Ave Maria Meditations
It is not really a question of trust in God at all, for we want very much to trust Him; it is really a question of our ultimate believe in His existence and His providence, and it demands the purest act of faith.
For my part, I was brought to make this perfect act of faith, this act of complete self abandonment to His will, of total trust and in His love and concern for me and His desire to sustain and protect me, by the experience of a complete despair of my own powers and abilities that had preceded it. I knew I could no longer trust myself, and it seemed only sensible then to trust totally in God. It was the grace God has been offering me all my life, but which I had never really had the courage to accept in full…
I could never find it in me to give up self completely.
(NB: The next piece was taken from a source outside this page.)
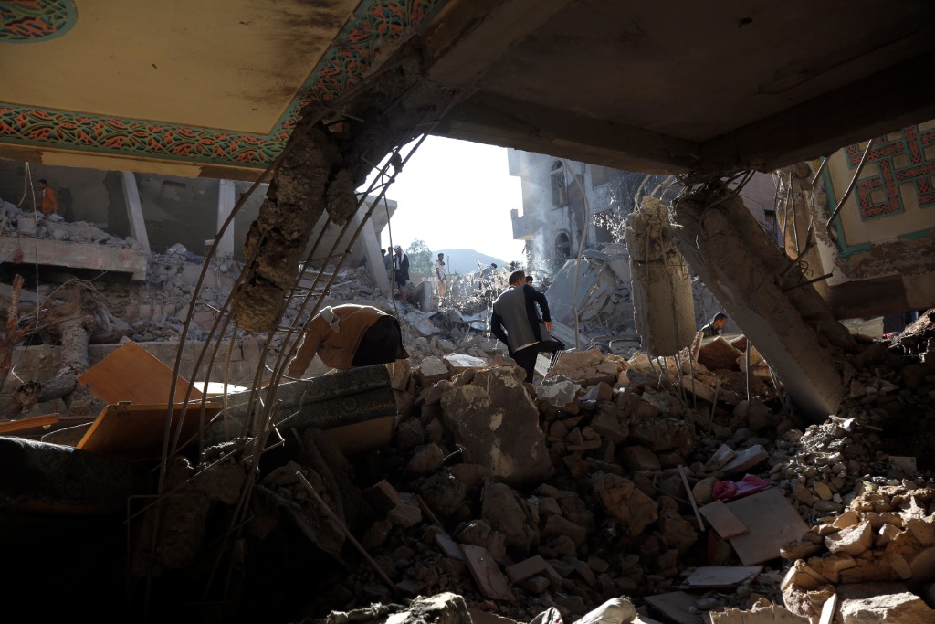2022年1月18日,在也门首都萨那,人们查看空袭过后的废墟。新华社发(穆罕默德摄)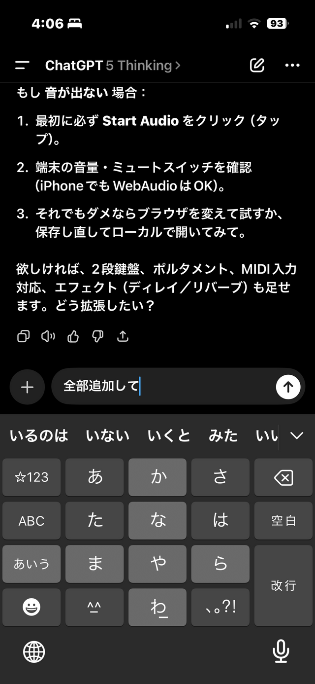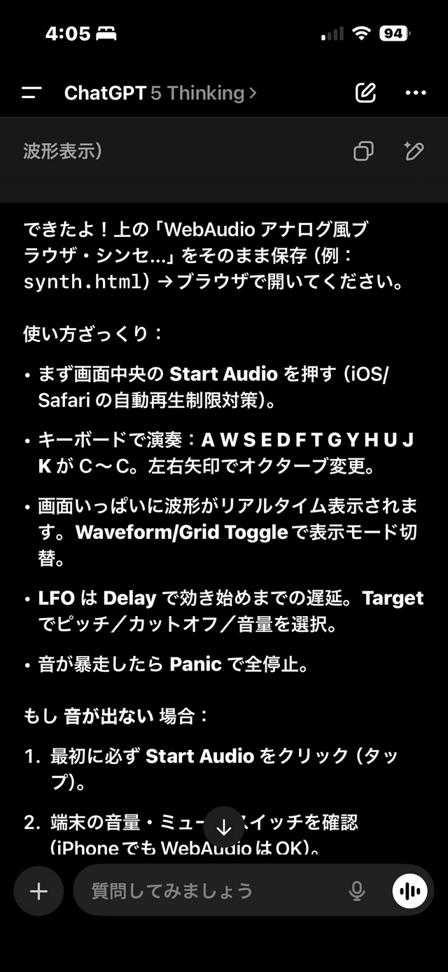 まず、ChatGPT 5 Thinking。iPhoneアプリで操作しました。

There were always boundaries beyond which I would not go, little hedges marking out what I knew in the depths of my being as a point of no return. God and His providence has been constant and His grace, always providing opportunities for this act of perfect faith and trust in Him, always urging me to let go of the reins and trust in Him alone. I had trusted Him, I had cooperated with His grace but only up to a point. Only when I reached a point of total bankruptcy of my own powers had I at last surrendered.
That moment, that experience, completely changed me I can say it now in all sincerity without false modesty, without a sense either of exaggeration or embarrassment. I have to call it a conversion experience; it was at once a death and resurrection.